More than just a Weed: About the nourishing, strengthening and healing Effect of Stinging Nettle

“The stinging nettle is such a wonderful plant that it should actually be growing all around our hearts”, Rudolf Steiner once wrote. Because all the parts of this protective herb, whose name comes from its painful properties, demonstrably nourish, strengthen and heal. Young leaves can be eaten as a spicy spinach-like vegetable, its seeds have a stimulating effect that can relieve fatigue or sharpen focus, and its root helps to flush out bacteria as well as purify the body.  

However, the founder of anthroposophy did not only recommend the “queen of herbs” to harmonise the organism or to regulate the iron balance. He also urged using the plant, which many people today mercilessly ban from their gardens, in agriculture to revitalise the soil and nature as a whole. Indeed, it plays an important role in our ecosystem – such as a source of food for a great many insect species or as a natural means of combating mites, which is successfully used in biodynamic viticulture, for instance.

The long underestimated plant, which last year was awarded the title “Medicinal Plant of the Year 2022”, is incredibly versatile. Urtica dioica, as it is called in Latin, has been used for thousands of years as a raw material to produce paper and as a fibre plant to manufacture clothes and dye wool.  

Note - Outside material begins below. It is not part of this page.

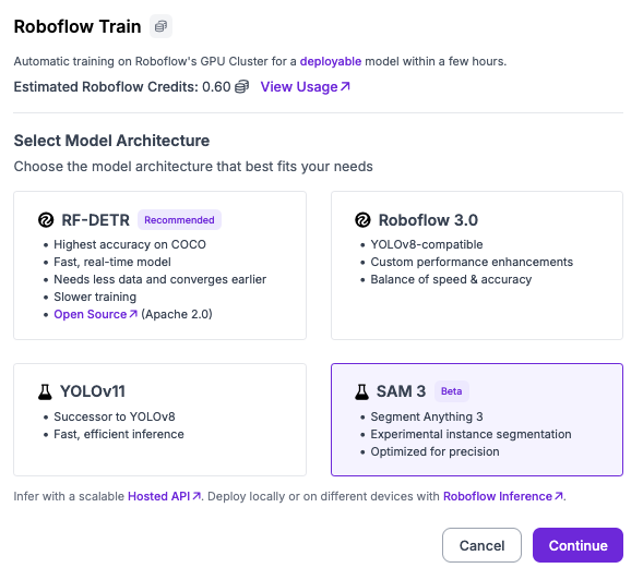 A window will appear with a selection of models from which you can choose for fine-tuning. For this guide, select “SAM 3”:

Hortus officinarum, an association that promotes the preservation and cultivation of medicinal plants on a biodynamic basis and whose work the Software AG Foundation supports, describes the stinging nettle as a “faithful companion”, and not only in this context. According to the non-profit association from Switzerland, mighty, upright nettles, which can grow to a height of over one metre, are found wherever there is a surplus of nutrients in the soil that needs to be balanced out. “As a pronounced nitrogen indicator, it is considered a crop companion. Once planted, it spreads via its bright yellow underground runners and can be harvested for many years”, Ruth Richter from Hortus Officinarum explains further.

It is much more difficult to grow Urtica urens, whose seeds are difficult to obtain even in botanical gardens in Switzerland, but which is no less important for anthroposophic medicine. Small or “dwarf” nettle hairs irritate the skin more than those of its big sister, which is why it is used as a remedy mainly for insect bites, burns and rashes.